There was some bruising on his left cheek, and his eyes were red from broken blood vessels. Curious now, she walked around the body, looking for other signs.
"What was he wearing?"
"Bottom half of pajamas, and one slipper." "Where was the top half?" Morris smiled. "On the bed." "Where was he?" "In the Conservatory, with Professor Plum." "What?" Morris chuckled, waved a hand in front of his face. "Joke.
He was beside the bed, on the floor." "Signs of disturbance, forced entry?" "None." "He live alone?" "He did, indeed." "Looks like he stroked out, had a big-ass brain pop." Since Morris was sealed up, she gestured. "Open his mouth for me, peel the lips." Morris obliged, shifted aside so she could lean in. "But I'd talk to the domestic and find out if he or she's the one who gave dead guy the laced nightcap that popped his brain.

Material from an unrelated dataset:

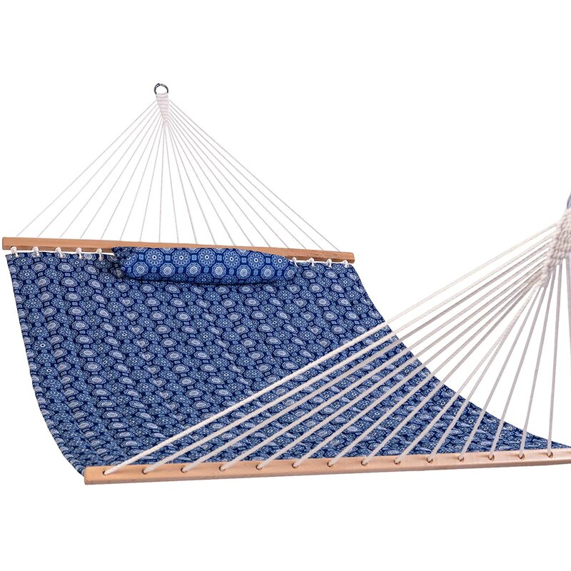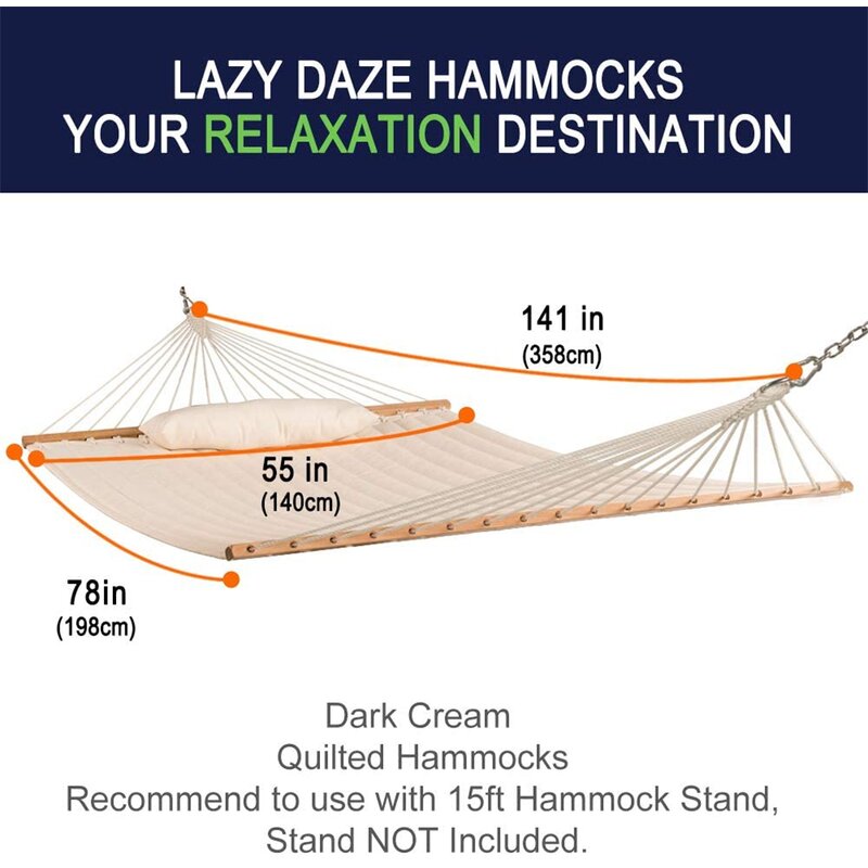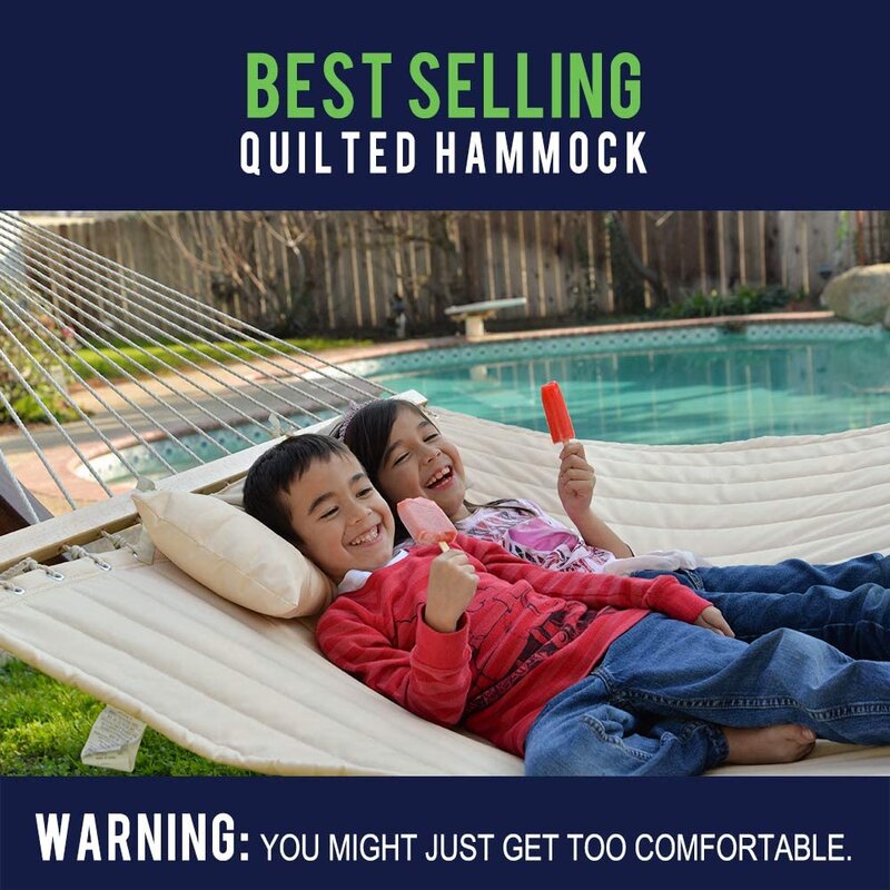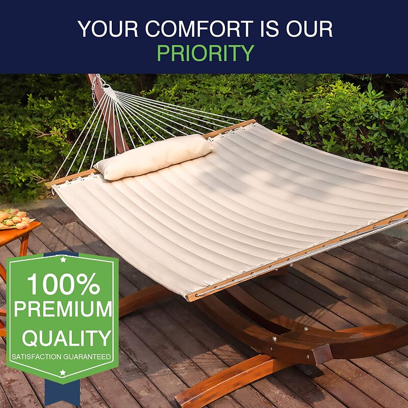 Super comfy the double-layered quilted polyester with inner polyester padding and a polyethylene stuffing head pillow offer superior comfort. No matter it’s in summer or winter, this hammock will always be your first choice for relaxation

Reddish splotches on the gums and under the lips indicate he downed, and probably OD'd on, an illegal. Booster, or a derivative would be my guess before tox eval. Guy was going to self-terminate for any reason, he'd have finished putting his pajamas on and gotten into bed nice and comfy first. So means are foul. Where's Sommers?" "I don't know why they bother to keep me around here." But he was grinning as he slid the brain into a tray for scan and analysis. "I expect the tox eval will verify both our suspicions shortly. Sommers is done, and in a cold box. Her family and boyfriend came in together this morning. I was able to block them from seeing her, though it wasn't easy. I had to use official grounds." "The eyes aren't public yet, and I don't want them to be, not even to next of kin. Even family and lovers can leak to the media. More so if they're grieving or pissed. No access outside of need-to-know to any of the vies in this investigation." "You want to see her again." "Yeah." "Let me clean up a bit. Our gentleman friend will hold." He went to the sink to scrub blood, matter, and sealant from his hands. "Her body was more traumatized than the others." "Violence is escalating. I know." "So is his pace." Morris dried his hands, then removed his protective gear, dumping it in a hamper.